_YOUR GOAL_.
Could you retype exactly the lines below between the one holding "对于给定样本D,假设有K个类" and the one holding "Slick simplistic and", inclusive, leaving out any pictures?

_Source data_.

§ §

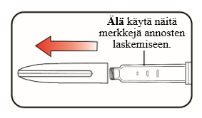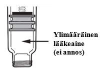 | Ylimääräinen lääkeaine: Kun olet saanut neljännen pistoksen, näet kynässä vielä ylimääräistä lääkeainetta, mikä on normaalia. Tämä ylimääräinen lääkeaine varmistaa, että kynä toimii oikein. - Hävitä kynä. - Älä yritä pistää kynässä jäljellä olevaa ylimääräistä lääkeainetta, sillä se johtaa epätäydelliseen annokseen.
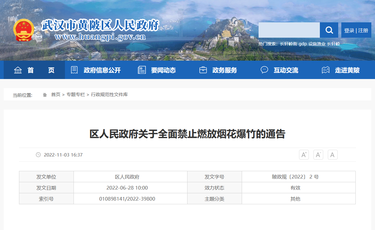 记者了解到,武汉市江岸区、江汉区、硚口区、汉阳区、武昌区、青山区、洪山区全年禁止燃放烟花爆竹;除此之外,2022年,武汉市新城区——江夏、黄陂、新洲、东西湖区相继发布全面禁鞭通告,2022年7月1日起,这些行政区域全面禁止燃放烟花爆竹,有效期5年,标志着武汉在地理版图和时间跨度上,首次实现全地域、全时段的全时空禁鞭。
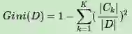 对于给定样本D,假设有K个类别, 第k个类别的数量为Ck,则样本D的基尼系数表达式为:
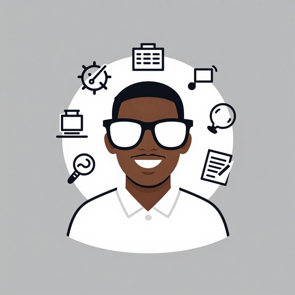 Slick simplistic and modern logo of an african man with huge glasses. information technology symbols are around his head. he is happy to be learning and building his craft,
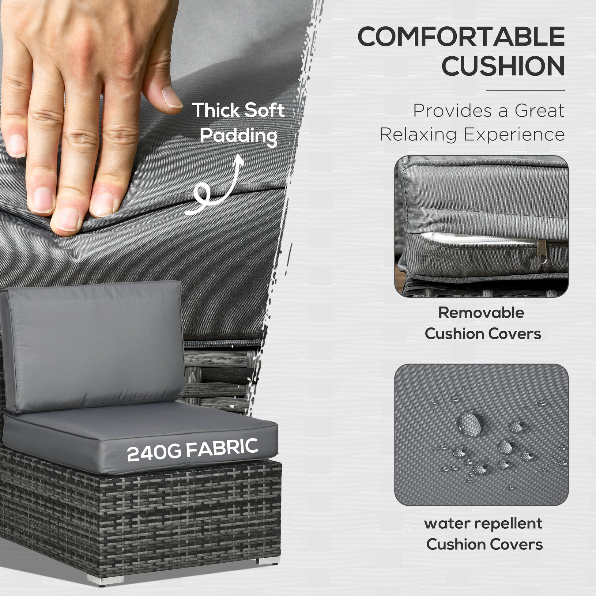 - Thick cushions: Relax in complete comfort as you relax on this corner garden furniture set. Four bright coloured throw cushions included.

§ §

_ANSWER TO THE EXERCISE_.
 对于给定样本D,假设有K个类别, 第k个类别的数量为Ck,则样本D的基尼系数表达式为:
 Slick simplistic and modern logo of an african man with huge glasses. information technology symbols are around his head. he is happy to be learning and building his craft,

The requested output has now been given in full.